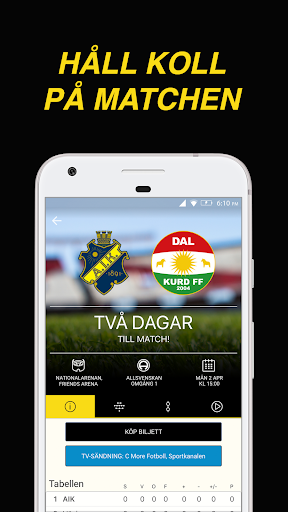 Aik Football chính thức ứng dụng mang đến cho bạn cơ hội để xem điểm nổi bật, theo dõi các trận đấu thông qua Livescore và đăng ký tin tức.
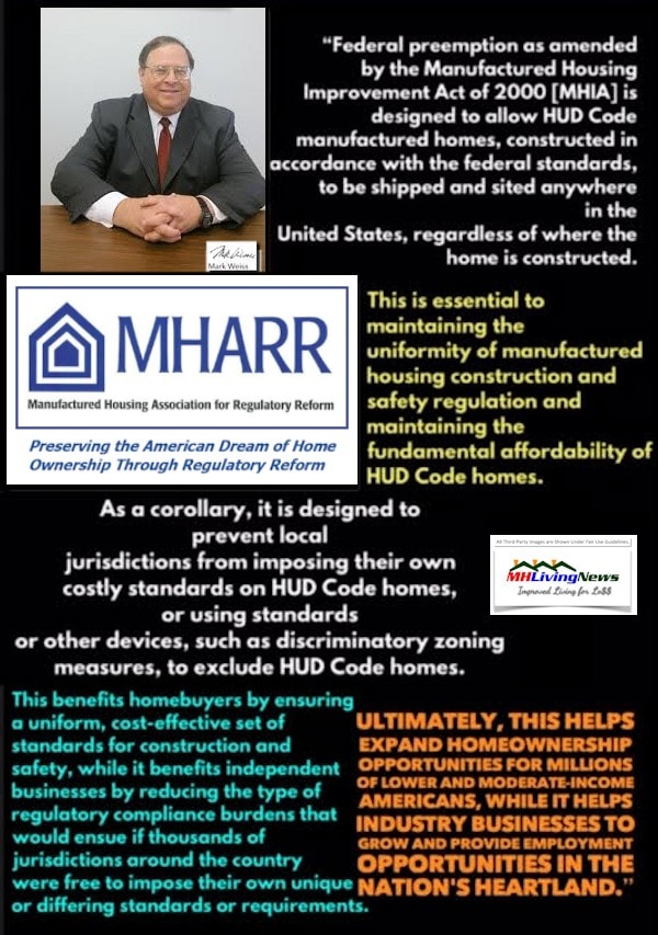 Furthermore, to the points obliquely raised by Legacy Housing or others about placement barriers. If MHI really wanted the Manufactured Housing Improvement Act (MHIA) to be fully enforced and to have the”enhanced preemption” provision of the law to be widely known and fully enforced, then why don’t those words even appear on their website?
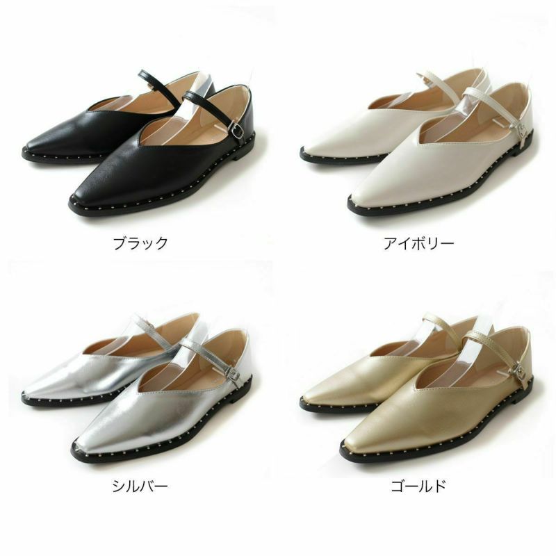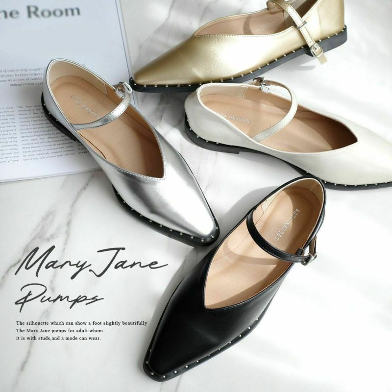 【在庫限り!特別価格!】メリージェーンパンプススタッズVカット レディース
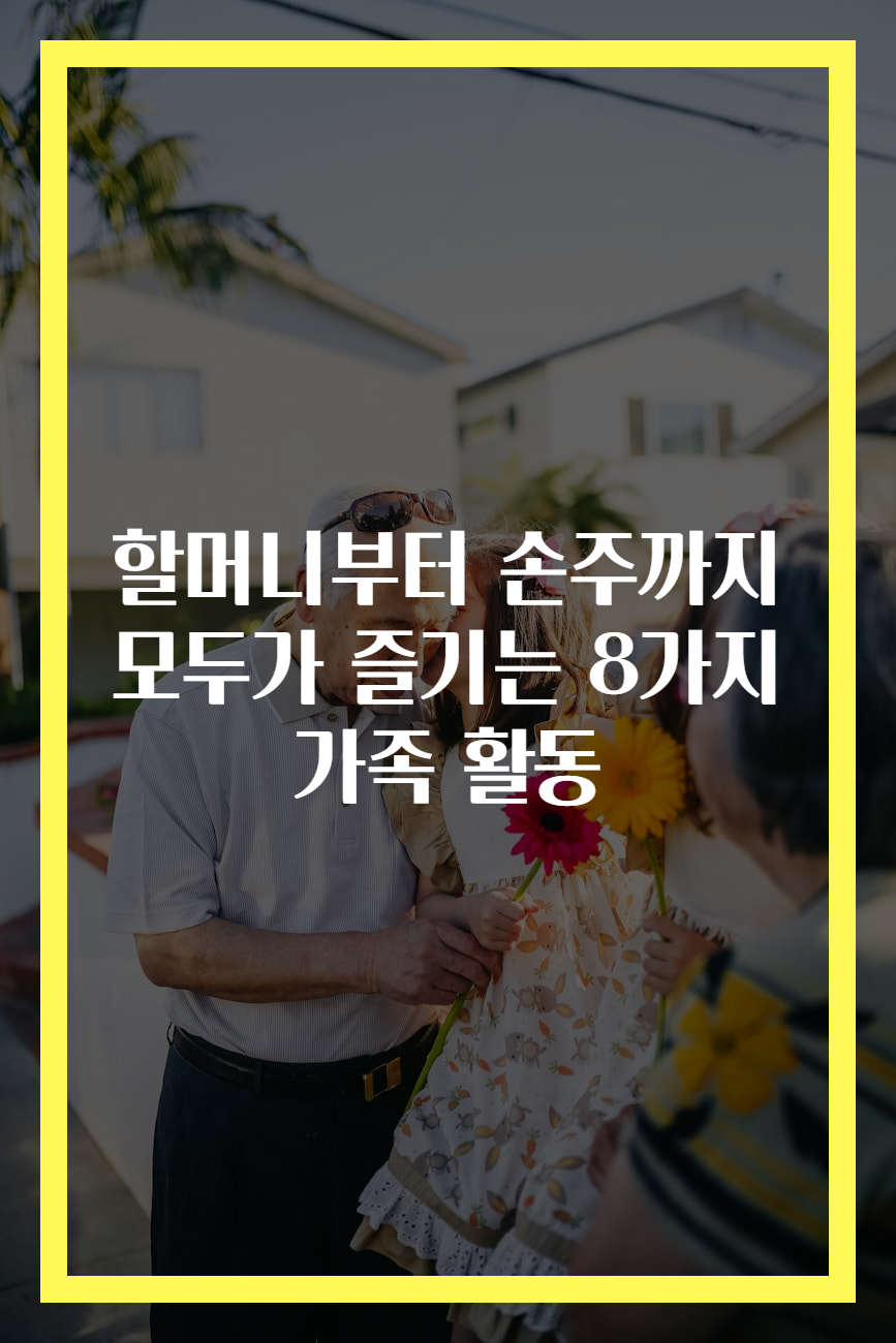 가족은 우리의 삶에서 가장 중요한 존재 중 하나입니다. 가족과의 유대는 정서적 안정감을 제공하고, 서로의 소중함을 깨닫게 합니다. 다양한 가족 활동을 통해 우리는 이러한 유대감을 더욱 강화할 수 있습니다. 무엇보다도, 할머니부터 손주까지 모두가 함께 즐길 수 있는 활동들은 친밀함과 대화의 기회를 제공합니다. 이러한 활동은 가족 구성원 모두가 참여할 수 있어야 하며, 연령에 구애받지 않는 재미있는 요소를 포함해야 합니다. 이 글에서는 할머니와 손주가 함께 즐길 수 있는 8가지 가족 활동을 소개하려고 합니다.
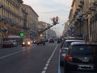 Stamattina in corso Nizza a Cuneo è iniziata la fase di rimozione delle luminarie natalizie. Un segno fin troppo evidente che le Feste sono finite.
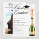Cheers to the Graduate Gold and Green Champagne Toast Graduation Party Announcement - A modern and unique personalised graduation party invite announcement. Featuring a festive champagne bottle popping. The phrase "Cheers to the Grad" is written in script calligraphy typography. Edit this college or university graduation invitation template with your own event details. Personalise this invitation even further by adding a photo of the graduate on the back. Also available as an instant digital download, perfect for sending via text, email or social media.
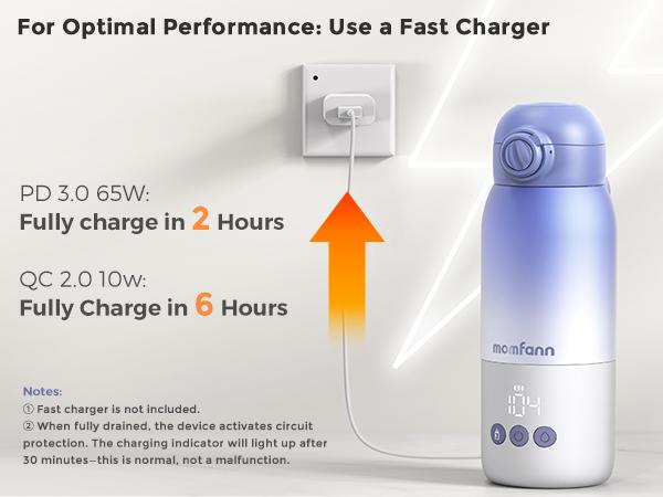 - Powerful Battery for All Day: Supports multiple heating cycles on a single charge, It can heat 4 oz of milk from room temperature to 98°F at least 22 times on a full charge. 2 hours with a 65W fast charger or in 6 hours with a standard 10W charger, using the included fast-charging cable, Portable bottle warmer for breastmilk and formula is appropriate for both short trips and long journeys
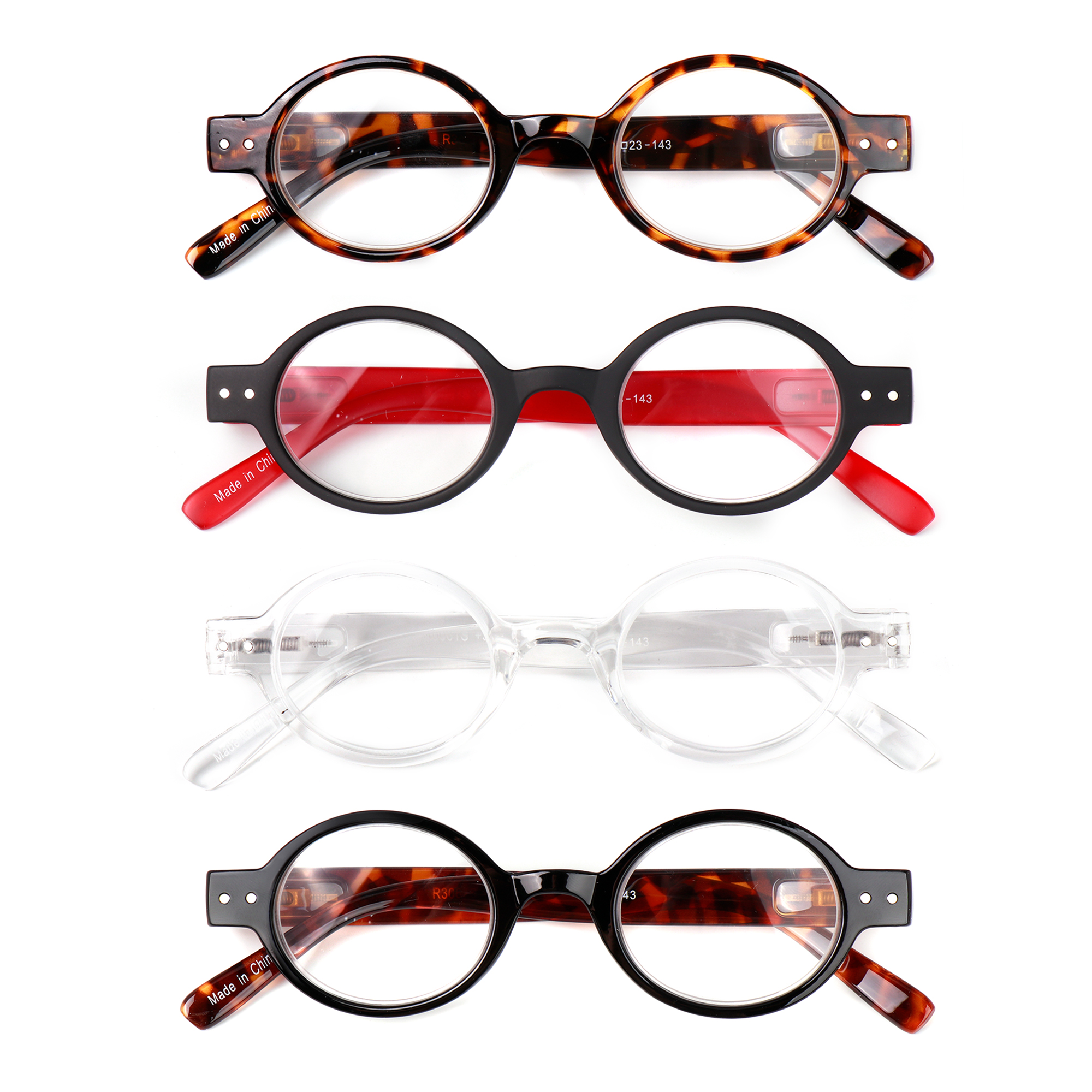 Plastic Frame, Spring Temples with Fully Magnified Lenses. Sold by the dozen. Price subject to change.
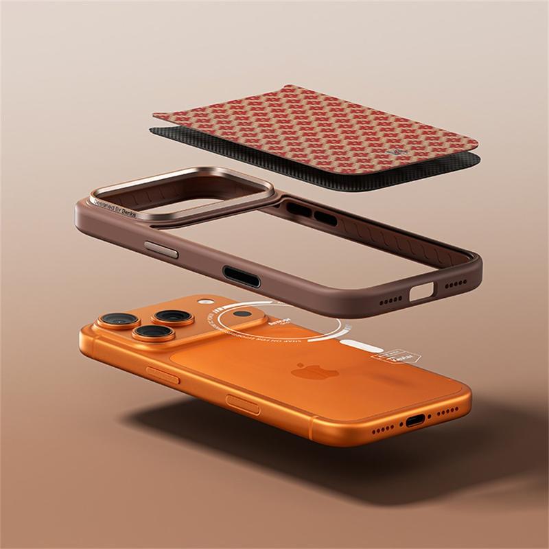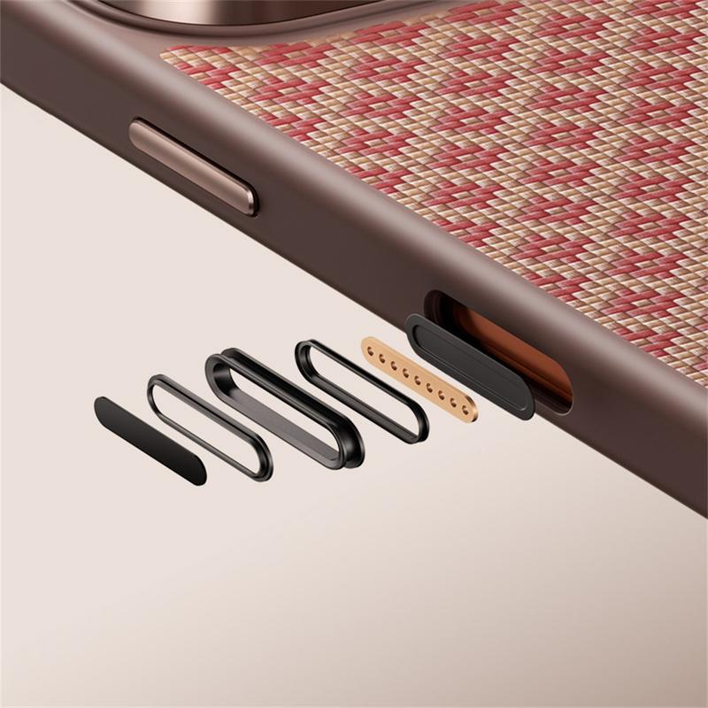 Den kunstneriske geometrisk vævede aramidfiberbagplade giver en unik taktil fornemmelse og et sofistikeret, højteknologisk udseende. Den strukturerede overflade forbedrer grebet og fremhæver materialets førsteklasses karakter, hvilket får etuiet til at skille sig ud, samtidig med at det minimalistiske design bevares.

========

- _YOUR INSTRUCTIONS_:
With the images removed, reproduce all the material above word for word.

- _COMPLETED EXERCISE_:
 Aik Football chính thức ứng dụng mang đến cho bạn cơ hội để xem điểm nổi bật, theo dõi các trận đấu thông qua Livescore và đăng ký tin tức.
 Furthermore, to the points obliquely raised by Legacy Housing or others about placement barriers. If MHI really wanted the Manufactured Housing Improvement Act (MHIA) to be fully enforced and to have the”enhanced preemption” provision of the law to be widely known and fully enforced, then why don’t those words even appear on their website?
 【在庫限り!特別価格!】メリージェーンパンプススタッズVカット レディース
 가족은 우리의 삶에서 가장 중요한 존재 중 하나입니다. 가족과의 유대는 정서적 안정감을 제공하고, 서로의 소중함을 깨닫게 합니다. 다양한 가족 활동을 통해 우리는 이러한 유대감을 더욱 강화할 수 있습니다. 무엇보다도, 할머니부터 손주까지 모두가 함께 즐길 수 있는 활동들은 친밀함과 대화의 기회를 제공합니다. 이러한 활동은 가족 구성원 모두가 참여할 수 있어야 하며, 연령에 구애받지 않는 재미있는 요소를 포함해야 합니다. 이 글에서는 할머니와 손주가 함께 즐길 수 있는 8가지 가족 활동을 소개하려고 합니다.
 Stamattina in corso Nizza a Cuneo è iniziata la fase di rimozione delle luminarie natalizie. Un segno fin troppo evidente che le Feste sono finite.
Cheers to the Graduate Gold and Green Champagne Toast Graduation Party Announcement - A modern and unique personalised graduation party invite announcement. Featuring a festive champagne bottle popping. The phrase "Cheers to the Grad" is written in script calligraphy typography. Edit this college or university graduation invitation template with your own event details. Personalise this invitation even further by adding a photo of the graduate on the back. Also available as an instant digital download, perfect for sending via text, email or social media.
 - Powerful Battery for All Day: Supports multiple heating cycles on a single charge, It can heat 4 oz of milk from room temperature to 98°F at least 22 times on a full charge. 2 hours with a 65W fast charger or in 6 hours with a standard 10W charger, using the included fast-charging cable, Portable bottle warmer for breastmilk and formula is appropriate for both short trips and long journeys
 Plastic Frame, Spring Temples with Fully Magnified Lenses. Sold by the dozen. Price subject to change.
 Den kunstneriske geometrisk vævede aramidfiberbagplade giver en unik taktil fornemmelse og et sofistikeret, højteknologisk udseende. Den strukturerede overflade forbedrer grebet og fremhæver materialets førsteklasses karakter, hvilket får etuiet til at skille sig ud, samtidig med at det minimalistiske design bevares.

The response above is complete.